Moving out from SAP


After a year that saw business process modeling (BPM) software vendor IDS Scheer, long known as an SAP AG partner, broaden its horizons through a partnership with rival Oracle Corp., company executives say the firm is well positioned to ride the trend of business needs trumping technology needs.

Last month at the annual user conference of the German BPM vendor’s U.S. subsidiary, IDS Scheer North America, in Amelia Island, Fla., IDS Scheer AG president and CEO Thomas Volk said business needs have been becoming more important than technology needs when it comes to business platform implementations, and he sees IDS Scheer’s offerings as being well positioned to capitalize on that trend.

“The investments in IT are being decided more and more by the business people, for business reasons,” said Volk. “The business people are becoming more and more involved with the modeling decision.”

IDS Scheer, through its ARIS platform, offers a series of products that help companies to understand and model their business processes. The vendor sees business process modeling as a necessary step before implementing an ERP solution from an SAP or an Oracle.

A long time partner with SAP, which also offers ARIS through its own sales channel and as an integrated part of its own platform, IDS Scheer also inked an agreement last year that saw Oracle adopt ARIS as part of that company’s Fusion middleware.

Less technically integrated relationships have been established with other vendors, including Tibco, IBM, Microsoft, BEA and Fujitsu.

Jason Mausberg, managing director, IDS Scheer Canada, said there are advantages to using a modeling platform like ARIS that supports a range of ERP platforms, and which isn’t tied to any one vendor. While a vendor-specific tool would only offer insight into the business processes running under that vendor’s platform, a vendor-agnostic tool such as ARIS offers a more complete, enterprise-wide view, he said — especially since many companies are running multi-vendor environments.

“Oracle and SAP are utilized by the same customers in quite a few instances,” said Mausberg. “It’s not a fight for domination by one; they both exist within the same worlds, and the better they can work together in those situations the better for both companies as well.”

Curtis Gittens, senior research analyst with London, Ont.-based Info-Tech Research Group, said he had some initial misgivings about IDS Scheer’s strategy, given their close ties with SAP, but the company’s ability to sign strategic partnerships with a range of vendors sets it up well for future growth.
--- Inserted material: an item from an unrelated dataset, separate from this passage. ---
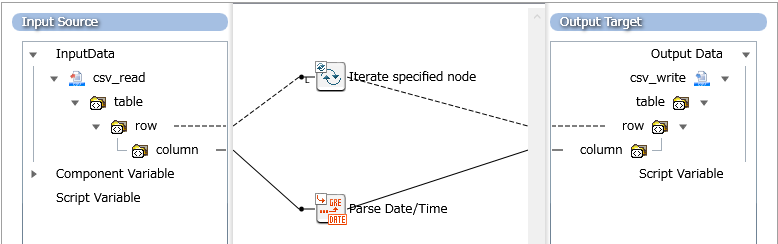 入力データの日付文字列をフォーマット「yyyy/MM/dd」で解析し、日付/時刻型のデータとして出力します。

“Those are some of the main movers and shakers in SOA,” said Gittens. “It bodes well for them.”

While the current strategy for the company appears to be organic growth, Gittens said the vendor is in an interesting space: Large enough so that a viable business exists, but not too large to be swallowed by a bigger player.

It makes IDS Scheer a potential acquisition target, said Gittens.

“You’ll probably hear talk about it within the next 18 months,” said Gittens.

“Not that they can’t survive on their own — they very well can — but if they prove successful and are able to execute on their market it makes sense for a large company like an EMC or an IBM that is trailing them and looking for that kind of functionality to buy an IDS Scheer.”

While IDS Scheer has long been talked of as a potential acquisition target, Mausberg said the focus remains on growing the company organically through its partner strategy.

With major vendors like SAP and Oracle choosing to partner with IDS Scheer rather than develop a BPM capability through internal development or acquisition, Mausberg added the two major players have made their choice, at least for the foreseeable future.

“Other software companies may decide to go that route; that possibility exists,” said Mausberg.

“But we’ve got a clear enough market lead at the moment that we’re attractive enough to partner with for all the major vendors, so I don’t think it’s a thought on their horizon for the next few years anyway.”